§ **What the task requires**
Leaving out every picture, copy the lines of the data exactly, from the first through the line containing "SISTEMA DE MARCAÇÃO".

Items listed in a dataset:
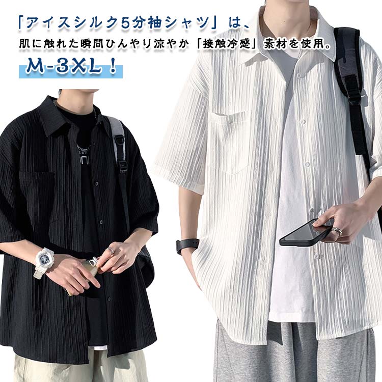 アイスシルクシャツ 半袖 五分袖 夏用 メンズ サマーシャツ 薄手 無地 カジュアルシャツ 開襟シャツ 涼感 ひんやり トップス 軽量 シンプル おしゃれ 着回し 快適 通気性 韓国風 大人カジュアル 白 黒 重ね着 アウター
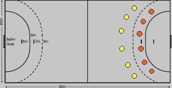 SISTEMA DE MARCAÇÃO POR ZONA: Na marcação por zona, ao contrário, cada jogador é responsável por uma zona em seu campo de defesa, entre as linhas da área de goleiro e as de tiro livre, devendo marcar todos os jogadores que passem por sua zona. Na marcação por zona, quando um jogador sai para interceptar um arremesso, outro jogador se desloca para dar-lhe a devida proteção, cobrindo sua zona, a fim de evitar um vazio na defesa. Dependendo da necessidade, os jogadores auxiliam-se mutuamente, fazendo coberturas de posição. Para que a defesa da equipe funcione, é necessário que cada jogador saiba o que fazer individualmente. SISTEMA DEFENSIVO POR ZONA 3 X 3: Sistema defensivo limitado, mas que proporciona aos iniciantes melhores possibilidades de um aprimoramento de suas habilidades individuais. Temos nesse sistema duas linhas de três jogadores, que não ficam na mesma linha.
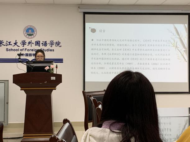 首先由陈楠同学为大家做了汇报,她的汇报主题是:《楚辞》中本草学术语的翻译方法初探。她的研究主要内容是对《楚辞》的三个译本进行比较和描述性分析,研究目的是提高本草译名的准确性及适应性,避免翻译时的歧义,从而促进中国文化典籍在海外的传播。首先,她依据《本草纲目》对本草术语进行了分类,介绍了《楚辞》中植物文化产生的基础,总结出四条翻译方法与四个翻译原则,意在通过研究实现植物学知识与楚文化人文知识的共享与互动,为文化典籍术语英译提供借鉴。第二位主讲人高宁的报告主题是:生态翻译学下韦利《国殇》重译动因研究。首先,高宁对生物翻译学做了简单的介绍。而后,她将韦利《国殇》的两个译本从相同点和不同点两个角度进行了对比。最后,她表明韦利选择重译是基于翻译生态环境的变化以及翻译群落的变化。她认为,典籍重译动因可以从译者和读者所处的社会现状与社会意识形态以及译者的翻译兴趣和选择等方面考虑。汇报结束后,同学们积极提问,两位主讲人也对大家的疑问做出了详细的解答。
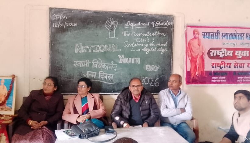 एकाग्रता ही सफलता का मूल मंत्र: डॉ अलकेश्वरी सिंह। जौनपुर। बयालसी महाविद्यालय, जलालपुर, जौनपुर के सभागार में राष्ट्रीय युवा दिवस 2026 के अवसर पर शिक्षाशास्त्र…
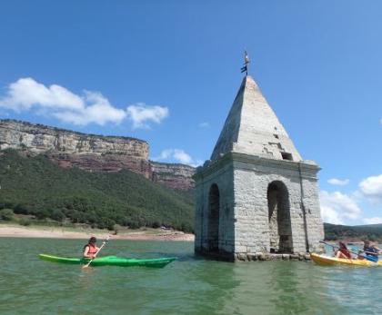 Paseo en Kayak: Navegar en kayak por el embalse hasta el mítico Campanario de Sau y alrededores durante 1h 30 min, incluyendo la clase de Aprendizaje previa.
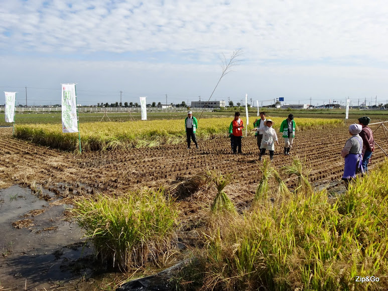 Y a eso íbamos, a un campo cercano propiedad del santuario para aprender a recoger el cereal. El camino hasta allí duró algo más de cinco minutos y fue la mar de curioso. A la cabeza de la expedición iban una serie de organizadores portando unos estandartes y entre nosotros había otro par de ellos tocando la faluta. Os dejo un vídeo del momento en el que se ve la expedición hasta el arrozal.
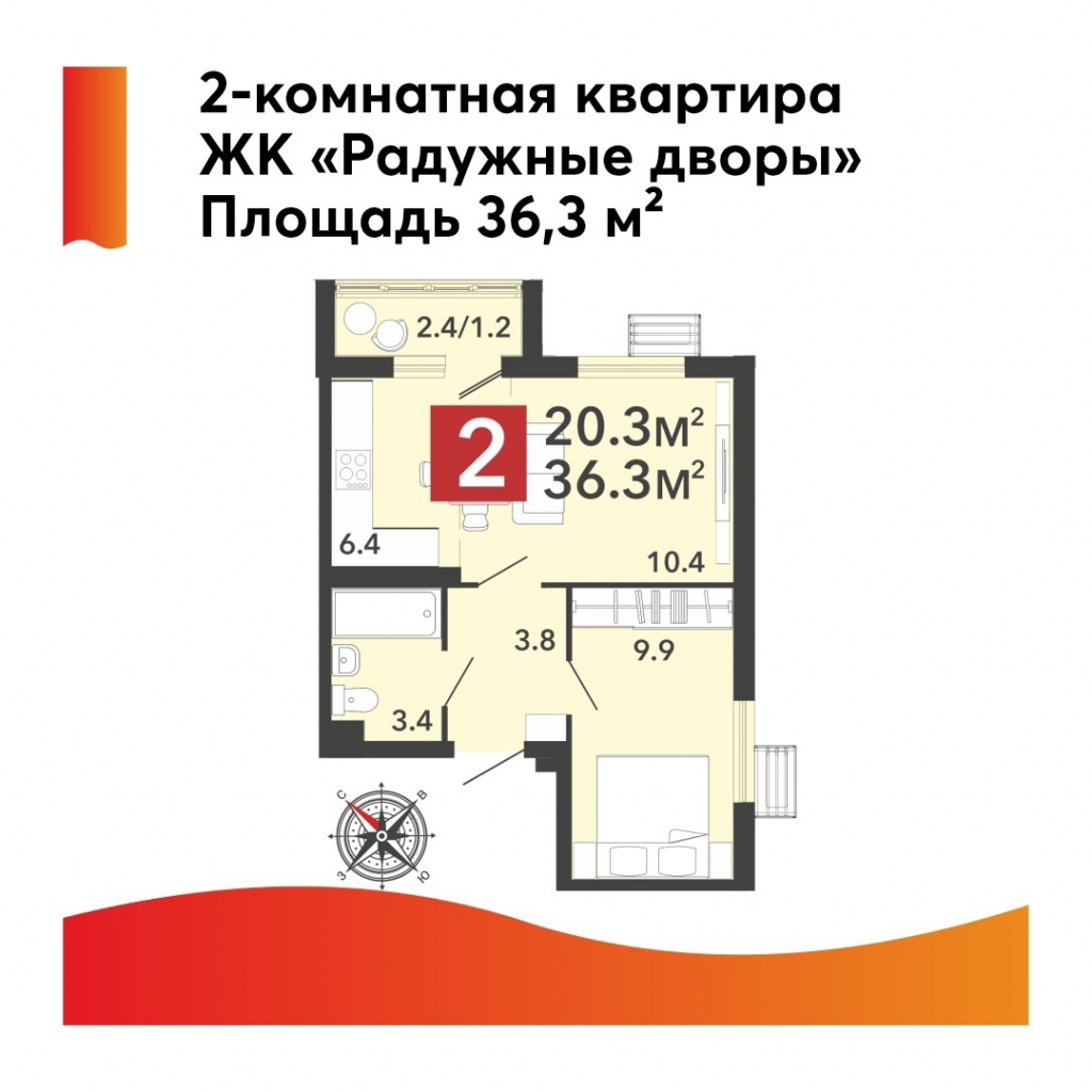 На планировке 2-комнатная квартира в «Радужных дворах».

§ **Output**
 アイスシルクシャツ 半袖 五分袖 夏用 メンズ サマーシャツ 薄手 無地 カジュアルシャツ 開襟シャツ 涼感 ひんやり トップス 軽量 シンプル おしゃれ 着回し 快適 通気性 韓国風 大人カジュアル 白 黒 重ね着 アウター
 SISTEMA DE MARCAÇÃO POR ZONA: Na marcação por zona, ao contrário, cada jogador é responsável por uma zona em seu campo de defesa, entre as linhas da área de goleiro e as de tiro livre, devendo marcar todos os jogadores que passem por sua zona. Na marcação por zona, quando um jogador sai para interceptar um arremesso, outro jogador se desloca para dar-lhe a devida proteção, cobrindo sua zona, a fim de evitar um vazio na defesa. Dependendo da necessidade, os jogadores auxiliam-se mutuamente, fazendo coberturas de posição. Para que a defesa da equipe funcione, é necessário que cada jogador saiba o que fazer individualmente. SISTEMA DEFENSIVO POR ZONA 3 X 3: Sistema defensivo limitado, mas que proporciona aos iniciantes melhores possibilidades de um aprimoramento de suas habilidades individuais. Temos nesse sistema duas linhas de três jogadores, que não ficam na mesma linha.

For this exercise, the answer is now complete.